First, do some initialization and set debugging level to debug
to see progress of computation.
%matplotlib inline
%load_ext autoreload
%autoreload 2
%config InlineBackend.figure_format = 'svg'
import numpy as np
import pandas as pd
import seaborn as sns
import datetime as dt
import matplotlib.pyplot as plt
import universal as up
from universal import tools, algos
from universal.algos import *
sns.set_context("notebook")
plt.rcParams["figure.figsize"] = (16, 8)
# ignore logged warnings
import logging
logging.getLogger().setLevel(logging.ERROR)
Let's try to replicate the results of B.Li and S.Hoi from their article On-Line Portfolio Selection with Moving Average Reversion.
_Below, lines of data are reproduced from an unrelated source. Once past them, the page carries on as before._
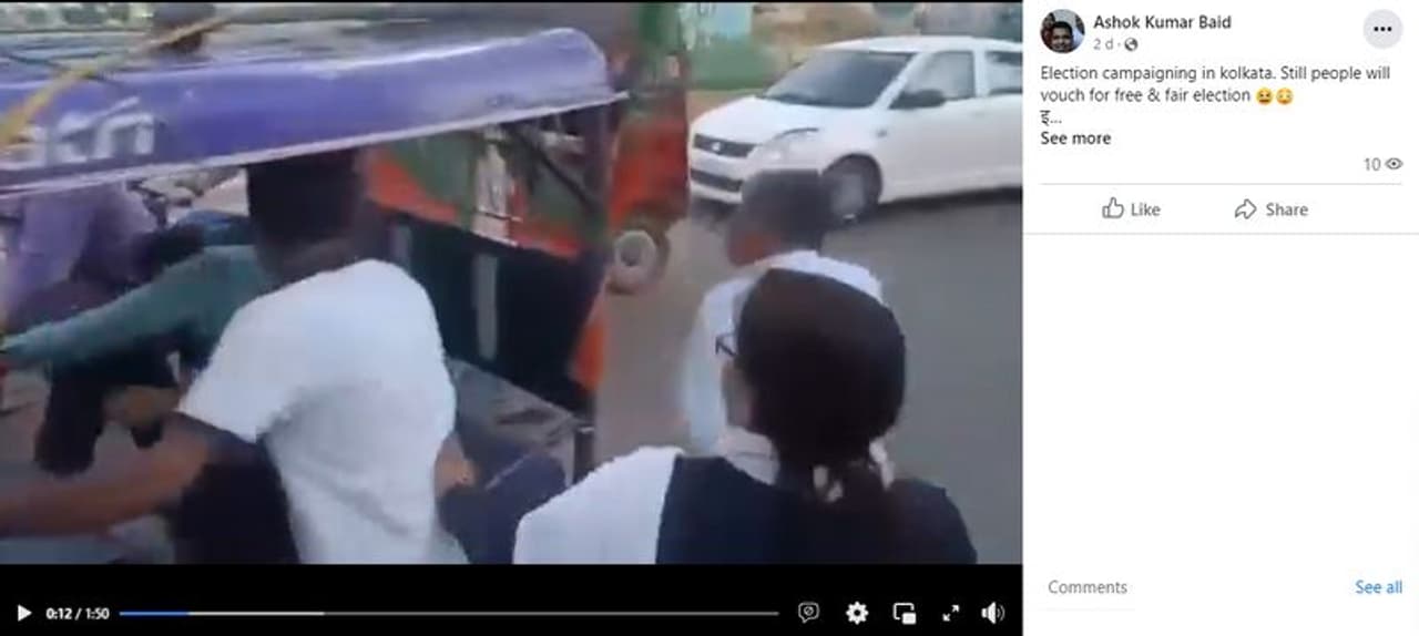 പശ്ചിമ ബംഗാളിലെ കൊല്ക്കത്തയില് ലോക്സഭ തെരഞ്ഞെടുപ്പ് 2024 പ്രചാരണത്തിനിടെ സംഘര്ഷമുണ്ടായതിന്റെ ദൃശ്യങ്ങള് എന്ന തലക്കെട്ടോടെയാണ് വീഡിയോ വ്യാപകമായി പ്രചരിക്കുന്നത്. സോഷ്യല് മീഡിയ പ്ലാറ്റ്ഫോമുകളായ എക്സിലും ഫേസ്ബുക്കിലും വാട്സ്ആപ്പിലും ഈ ദൃശ്യങ്ങള് വൈറലാണ്. കൊല്ക്കത്തയിലെ തെരഞ്ഞെടുപ്പ് പ്രചാരണം...നീതിയുക്തമായ തെരഞ്ഞെടുപ്പാണോ നടക്കുന്നത് എന്ന ചോദ്യത്തോടെയാണ് വീഡിയോ അനവധിയാളുകള് ഷെയര് ചെയ്യുന്നത്.
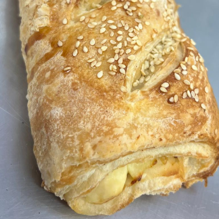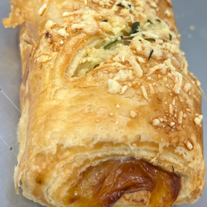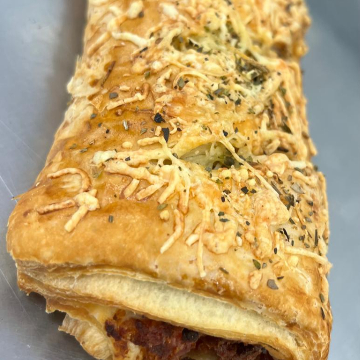 FOLHADO DE CALABRESA - UN (assado com massa folhada recheada com calabresa defumada moída coberto com queijo parmesão ralado e orégano) peso aproximado 115gr
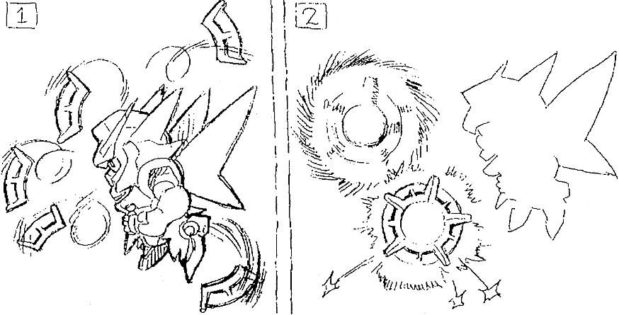 The most powerful weapon the Huckebein is equipped with is the Black Hole Cannon, which uses the full power of the Huckebein’s generator to create a localized quantum singularity that can be offensively fired at an enemy, causing intense gravity based damage. As an additional weapon the Huckebein was equipped with the Rip Slasher, an improved version of the Wildschwien’s Circle Zanber that could be remotely guided towards an enemy. Topping off its armaments the Huckebein also featured head mounted heavy vulcan style machinegun cannons, as well as the close combat Rouche Saber, an improved version of the plasma cutter featured in the Gespenst series. The Huckebein could additionally use any general weapon designed for Personal Troopers.
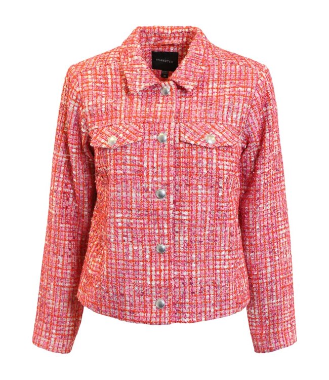 Dit chique dames jasje van Brandtex is een stijlvolle aanvulling op iedere garderobe. De gemêleerde roze tint geeft het jasje een luxe en frisse uitstraling, terwijl de subtiele structuur zorgt voor een elegant en modern effect. Ideaal voor wie graag gekleed voor de dag komt zonder in te leveren op draagcomfort.
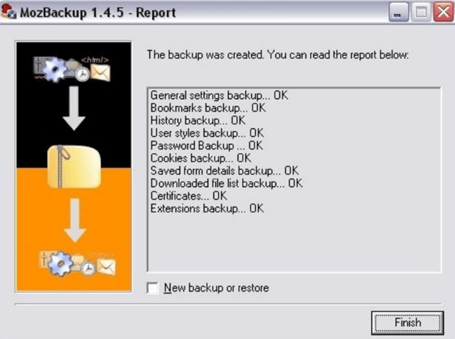 Pretty neat eh! You can check out this page for more information on how to backup using the command line. Once a backup is complete, you'll get a window with the status of the backups. Then click Finish to close the program. Overall, it's a very straight-forward and easy to use program. If you are tech-savvy, you can use the command line feature to schedule automatic backups of your Mozilla profiles. Enjoy!
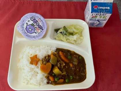 本日の献立は、ビーフカレーライス、野菜のピクルス、ぶどうゼリー、牛乳です。
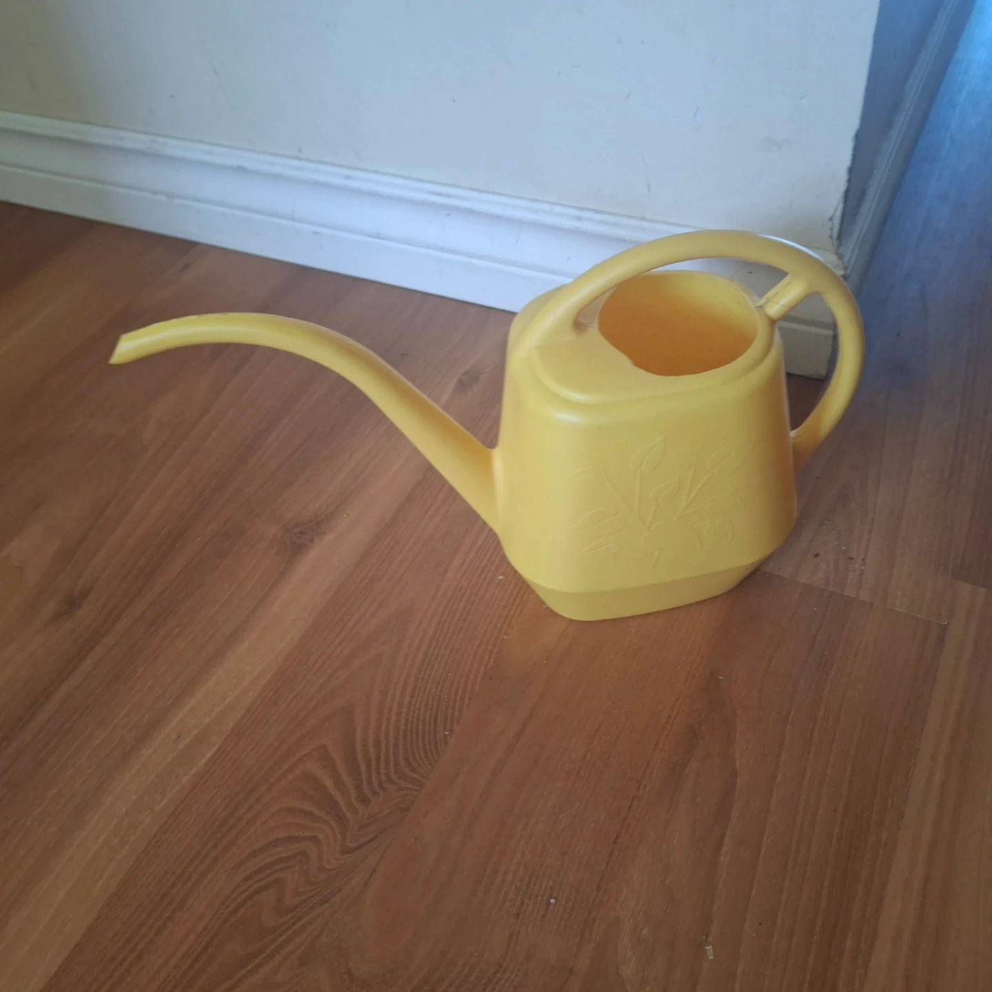 This is a yellow plastic watering can. It's great for indoor or outdoor plants. The spout is long and narrow for precise watering. A good size for small gardens or balcony plants!
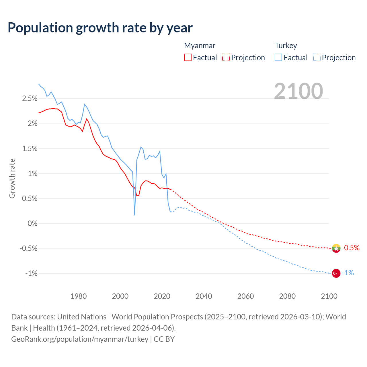 - For the last 10 years, Myanmar has had an average growth rate of +0.74% per year vs +1.06% in Turkey.
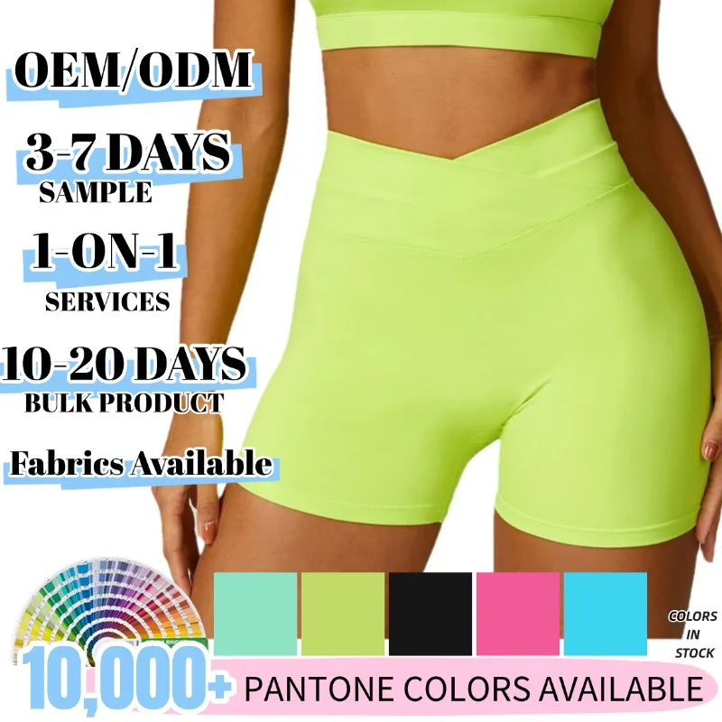 Women's High-Waist Sports Yoga Shorts Quick-Drying Antibacterial Customizable Elastic Waist Solid Pattern XL Size Spandex
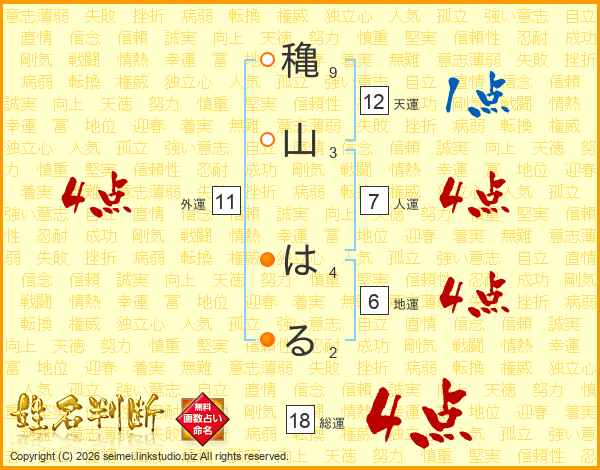 穐山はるさんの総運は18画の4点!
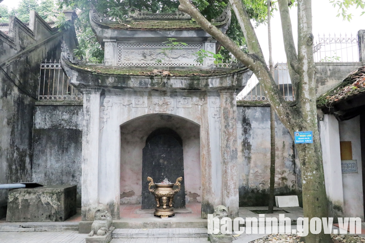 Bia đá “Cổ Pháp Điện Tạo Bi” do Tiến sỹ Phùng Khắc Khoan soạn dựng năm Giáp Thìn (1605) ghi lại sự kiện lịch sử nhà Lê xây dựng lại Đền và ghi công đức của các vị vua triều Lý

They claim superior performance on several datasets using their OLMAR algorithm. These datasets are available in data/
directory in .csv
format. Those are all raw prices and artificial tickers. We can start with NYSE stocks from period 1/1/1985 - 30/6/2010.
# load data using tools module
data = tools.dataset('nyse_o')
# plot first three of them as example
data.iloc[:,:3].plot()
<AxesSubplot:>
Now we need an implementation of the OLMAR algorithm. Fortunately, it is already implemented in module algos
, so all we have to do is load it and set its parameters. Authors recommend lookback window $w = 5$ and threshold $\epsilon = 10$ (these are default parameters anyway). Just call run
method on our data to get results for analysis.
# set algo parameters
algo = algos.OLMAR(window=5, eps=10)
# run
result = algo.run(data)
Ok, let's see some results. First print some basic summary metrics and plot portfolio equity with UCRP (uniform constant rebalanced portfolio).
print(result.summary())
result.plot(weights=False, assets=False, ucrp=True, logy=True);
Summary: Profit factor: 1.89 Sharpe ratio: 3.34 ± 0.54 Ulcer index: 23.19 Information ratio (wrt UCRP): 3.27 Appraisal ratio (wrt UCRP): 3.05 ± 0.21 UCRP sharpe: 1.16 ± 0.27 Beta / Alpha: 1.55 / 165.350% Annualized return: 466.14% Annualized volatility: 56.69% Longest drawdown: 185 days Max drawdown: 46.29% Winning days: 58.3% Annual turnover: 349.1
That seems really impressive, in fact it looks too good to be true. Let's see how individual stocks contribute to portfolio equity and disable legend to keep the graph clean.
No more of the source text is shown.